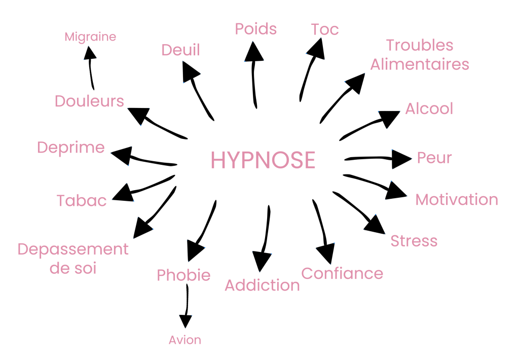 - Se libérer d’une peur, d’une phobie (claustrophobie, agoraphobie, phobie des transports), d’une addiction (tabac, aliments, jeux)
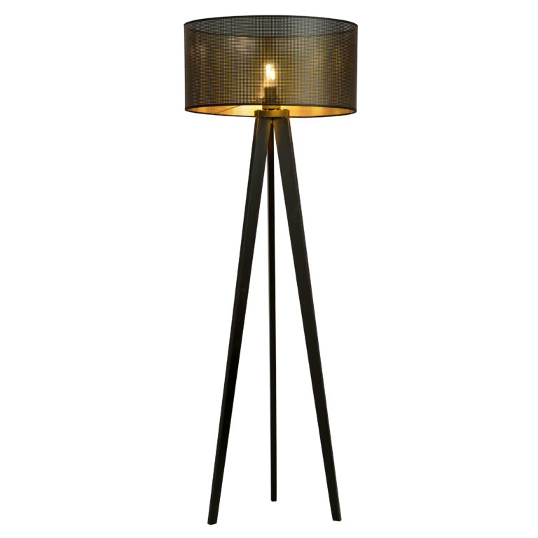 Czarna lampa stojąca na trójnogu Sofia jednocześnie nawiązuje do stylu skandynawskiego, jak i industrialnego. Ten wyjątkowo eklektyczny design powoduje, że możesz wykorzystać oferowany model do rozjaśnienia aranżacji o bardzo różnym charakterze. Większa część Sofii ma czarny kolor, dodatkowym akcentem kolorystycznym jest tutaj subtelne mieniące się, złote wnętrze klosza, która równocześnie nadaje całości elegancji.
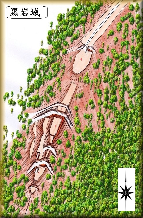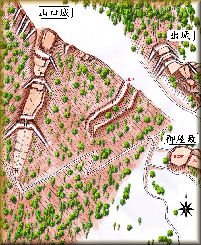 そんなわけで、城内まで到達することはできなかった。それでは悔しいので、宮坂氏の図面を基にした鳥瞰図を掲載しておく。
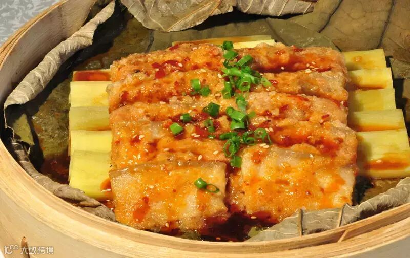 原料:五花肉500克、蒸肉米粉70克、料酒1茶匙、玫瑰腐乳汁2汤匙、生抽2茶匙、味精1/4茶匙、白糖1茶匙、干荷叶半张、姜3片、清水30毫升
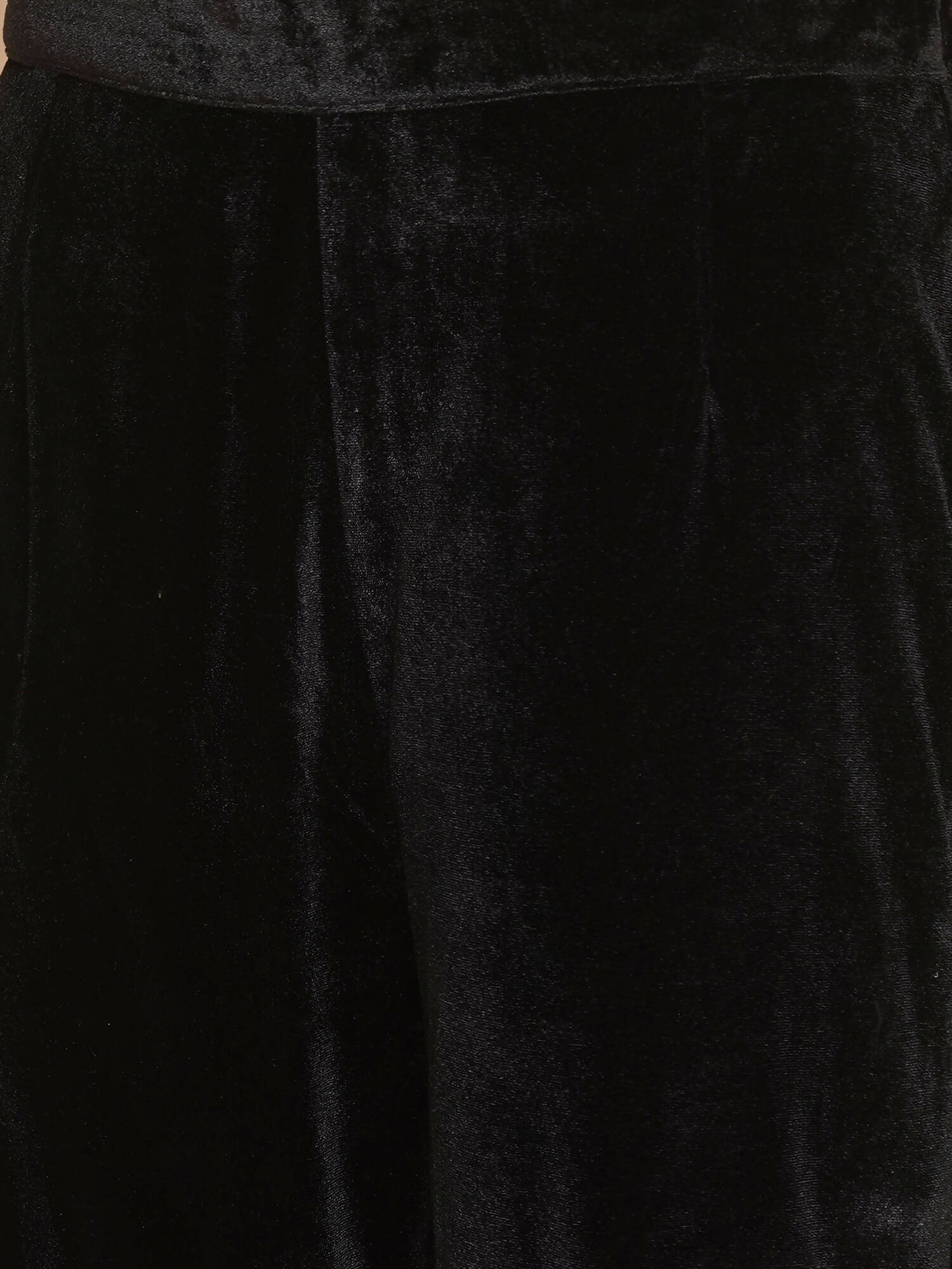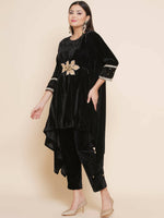 Women Republic Black Velvet Kaftaan Style Kurta With Pants - 32

┄┄┄┄┄┄┄┄┄┄

§ **WORK INSTRUCTION**:
Please repeat every record above exactly, but leave out the pictures.

§ **EXERCISE OUTPUT**:
 - Se libérer d’une peur, d’une phobie (claustrophobie, agoraphobie, phobie des transports), d’une addiction (tabac, aliments, jeux)
 Czarna lampa stojąca na trójnogu Sofia jednocześnie nawiązuje do stylu skandynawskiego, jak i industrialnego. Ten wyjątkowo eklektyczny design powoduje, że możesz wykorzystać oferowany model do rozjaśnienia aranżacji o bardzo różnym charakterze. Większa część Sofii ma czarny kolor, dodatkowym akcentem kolorystycznym jest tutaj subtelne mieniące się, złote wnętrze klosza, która równocześnie nadaje całości elegancji.
 そんなわけで、城内まで到達することはできなかった。それでは悔しいので、宮坂氏の図面を基にした鳥瞰図を掲載しておく。
 原料:五花肉500克、蒸肉米粉70克、料酒1茶匙、玫瑰腐乳汁2汤匙、生抽2茶匙、味精1/4茶匙、白糖1茶匙、干荷叶半张、姜3片、清水30毫升
 Women Republic Black Velvet Kaftaan Style Kurta With Pants - 32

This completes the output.